A Parkland survivor just broke the internet with a powerful response to today’s school shooting

America witnessed another mass school shooting today, the latest in an interminable bloody procession of near-identical incidents. This is the American reality now. This is the unspoken possibility we wake up to every day.

Early this morning, a gunman opened fire inside an art class at Santa Fe High School in Texas, killing at least 8 people and injuring others. While the suspect is in custody and another person has been detained, details are still mostly vague. Police have secured the scene.

Unfortunately, shootings like this barely shock the country anymore. Horrify us, yes, but they happen far too frequently for us to be truly surprised when we see headlines about the nation’s latest mass murder.

It’s been just over four months since the Parkland shooting galvanized the left to push for the kind of meaningful gun law reform that the Republican Party and NRA have been blocking for far too long and still we haven’t seen any kind of change.

President Trump continues to swim through a sea of NRA bucks and blood, and every time something like this happens he simply offers tepid platitudes and waits for the media cycle to move on to something new.

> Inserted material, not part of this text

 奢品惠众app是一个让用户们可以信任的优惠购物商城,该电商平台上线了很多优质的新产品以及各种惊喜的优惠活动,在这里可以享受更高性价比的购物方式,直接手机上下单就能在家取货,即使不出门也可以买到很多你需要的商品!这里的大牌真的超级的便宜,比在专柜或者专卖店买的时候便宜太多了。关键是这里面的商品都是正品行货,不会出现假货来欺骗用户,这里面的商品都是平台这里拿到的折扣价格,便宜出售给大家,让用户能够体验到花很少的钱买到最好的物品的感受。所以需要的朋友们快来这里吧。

Luckily, we have a guiding light forward in the Parkland survivors. Their sustained activism gives us a rallying point and a message. If they continue their campaign to save lives, eventually Democrats will seize the government and we can have an honest conversation about what kind of laws will, at the very least, decrease the bloodshed.

Shortly after this morning’s shooting, Cameron Kasky, one of the brave Parkland activists, took to Twitter to send out a brief, powerful message. He started off by saying that no one should know who he and his classmates are and that no one would if they hadn’t been involved in “one of the hot school shootings of the month,” a succinct summary of the way in which shootings dominate the news for a bit until something else happens. Then another shooting occurs, rinse and repeat.

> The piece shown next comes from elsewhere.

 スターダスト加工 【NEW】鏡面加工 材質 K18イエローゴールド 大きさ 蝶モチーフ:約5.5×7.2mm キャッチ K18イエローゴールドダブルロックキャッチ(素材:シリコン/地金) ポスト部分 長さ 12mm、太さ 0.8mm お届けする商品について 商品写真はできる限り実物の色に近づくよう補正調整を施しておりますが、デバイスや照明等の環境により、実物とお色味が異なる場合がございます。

He also called out the NRA and predicted the way in which they’ll attack the survivors of the Santa Fe shooting who decide call for gun law reform, just like they did with him and his classmates. “Welcome to America, folks. This happens here,” he ended the tweet. Until we start to grapple with our culture of violence and the laws that allow shootings like this, nothing is going to change.

Kasky is right that this is America and these shootings do happen here. But they don’t have to.